HLA-DR12(DR12) is a HLA-DR serotype that recognizes the DRB1*1201 to *1203, *1206. DR12 serotype is a split antigen of the older HLA-DR5 serotype group which also contains the similar HLA-DR11 antigens.

Serology

The table above describes the efficiency of serological typing of DR12 and DR5.  Serotypes are unknown the following alleles: DRB1*1204,*1205 to *1207 to *1215

Alleles
There are only 2 common allels for DRB1*12, *1201 and *1202. *1202 is more common
on the West Pacific Rim and particularly Indochina and the South Pacific.

Disease associations
DR12 is associated with vulval lichen sclerosus, and undifferentiated spondyloarthritis.
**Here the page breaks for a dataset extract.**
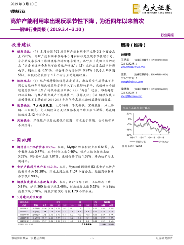 【光大证券】【20190310】20190310-光大证券-钢铁行业周报:高炉产能利用率出现反季节性下降,为近四年以来首次-11页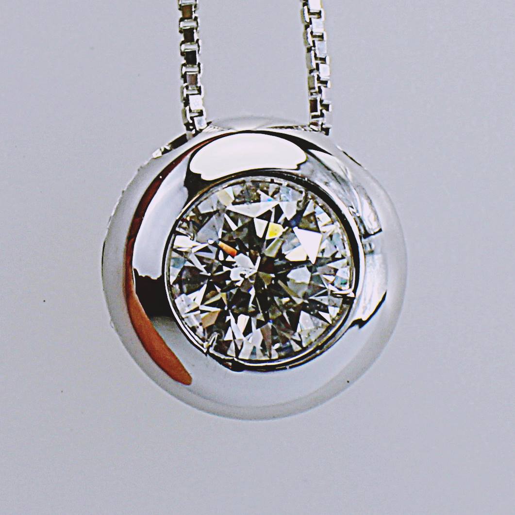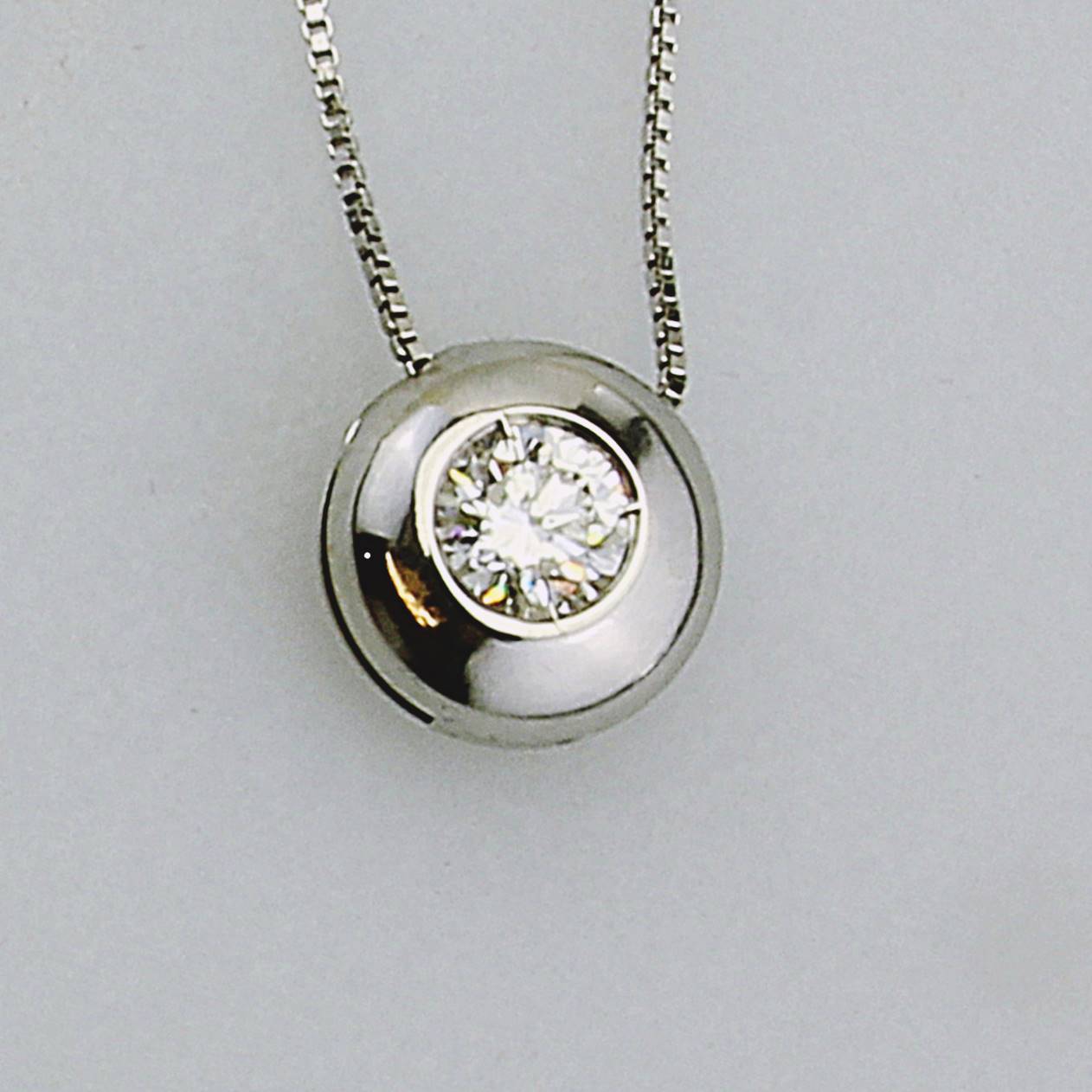 COLLANA PUNTO LUCE IN ORO TITOLO 750°°° CON DIAMANTE KT 0,53 COLORE D PUREZZA S CERTIFICATO I.G.I. 706531375 – ISCRIZIONE LASERSCRIBE DEL NUMERO DI CERTIFICATO SULLA PIETRA.

DRB1*1201 is associated with  iritis in  juvenile arthritis, primary antiphospholipid syndrome,  tiopronin intolerance in rheumatoid arthritis, adult chronic articular Still's disease

DRB1*1202 is found to be increased in narcolepsy associated sudden death syndrome in the Thai population, and narcolepsy in the Japanese population.

Extended linkage
DRB1*12:DQA1*0505:DQBA1*0301 haplotype: DR12-DQ7.5/DR7-DQ2.2 is a transhaplotype risk for coeliac disease

DRB1*1201:DRB3*01/03: colorectal cancer

Genetic Linkage

HLA-DR12 is genetically linked to DR52 and HLA-DQ7 serotypes.